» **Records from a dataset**
========================================
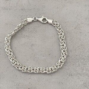 Lightweight but with lots of presence, perfect for layering. Made in Italy of fine .925 sterling silver in an intricate Byzantine link pattern. Lobster claw clasp. Hallmarked and acid tested for authenticity. Bright and shiny, this appears to be new.
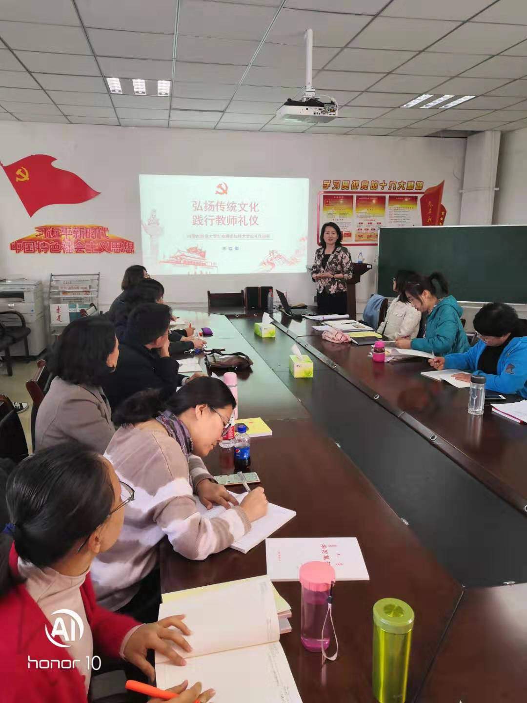 2019年10月24日下午,EMC易倍邀请党政办公室李瑞卿老师为全体教工党员做了“不忘初心、牢记使命”主题教育专题讲座,讲座题目为《弘扬传统文化、践行教师礼仪》。
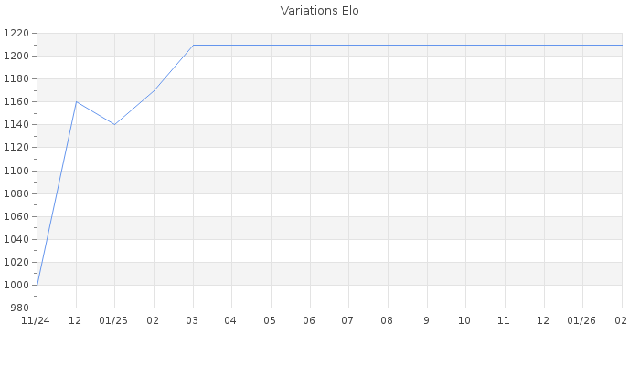 Date d'inscription : 18/11/24. Donateur pour EchecsEmail : Non ( Cliquez ici pour soutenir EchecsEmail. ) Elo non arrondi:1184.3 ( 474 sur 459 joueurs ) Nombre de victoires :16 Nombre de nulles :1 Nombre de défaites :39 Temps de réponse moyen par coup : 0J 3H 8M 15S ( Moyenne sur 4 coups ). Rd ( Un petit rd indique un elo fiable ) : 71 Elo maximum atteint ( en étant classé ) :1280 Elo maximum atteint cette année :0 Nombre coups joués : 1507 Classement coupe : Inactif Points coupe : 0 Classement Coupe Magic Chess : Inactif Points Coupe Magic Chess : 0 Tournoi échelle : Nombre de tournois gagnés :0
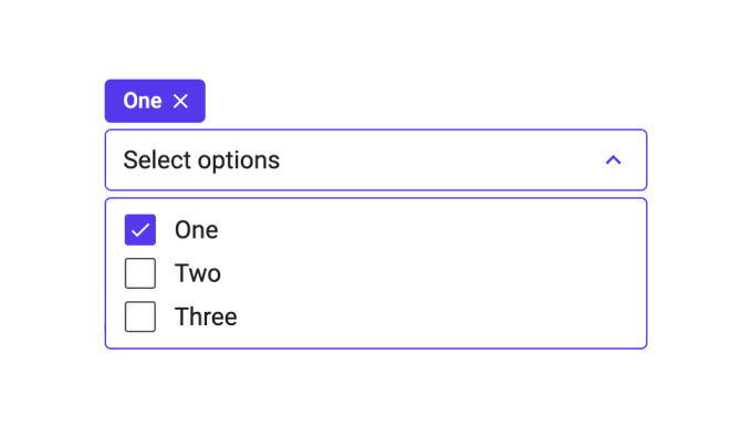 A simple component for multi choice selection comprising a drop down with all options and the selected options are shown as pills above the drop down.
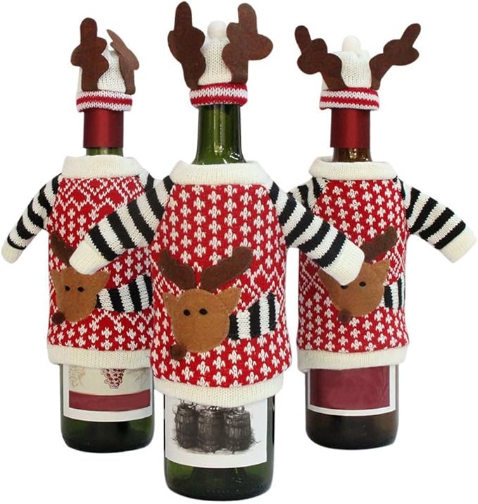 Muybien 3 Er Pack Weihnachten Weinflaschen Abdeckung Rotwein Geschenkverpackung Hirsch Amazon De Bekleidung
========================================
» **HOW TO COMPLETE THIS TASK**
Leaving out every picture, transcribe exactly the lines from the line that contains "Date d'inscription : 18/11/24." through the final line of the entries above.

» **RESPONSE AREA**
 Date d'inscription : 18/11/24. Donateur pour EchecsEmail : Non ( Cliquez ici pour soutenir EchecsEmail. ) Elo non arrondi:1184.3 ( 474 sur 459 joueurs ) Nombre de victoires :16 Nombre de nulles :1 Nombre de défaites :39 Temps de réponse moyen par coup : 0J 3H 8M 15S ( Moyenne sur 4 coups ). Rd ( Un petit rd indique un elo fiable ) : 71 Elo maximum atteint ( en étant classé ) :1280 Elo maximum atteint cette année :0 Nombre coups joués : 1507 Classement coupe : Inactif Points coupe : 0 Classement Coupe Magic Chess : Inactif Points Coupe Magic Chess : 0 Tournoi échelle : Nombre de tournois gagnés :0
 A simple component for multi choice selection comprising a drop down with all options and the selected options are shown as pills above the drop down.
 Muybien 3 Er Pack Weihnachten Weinflaschen Abdeckung Rotwein Geschenkverpackung Hirsch Amazon De Bekleidung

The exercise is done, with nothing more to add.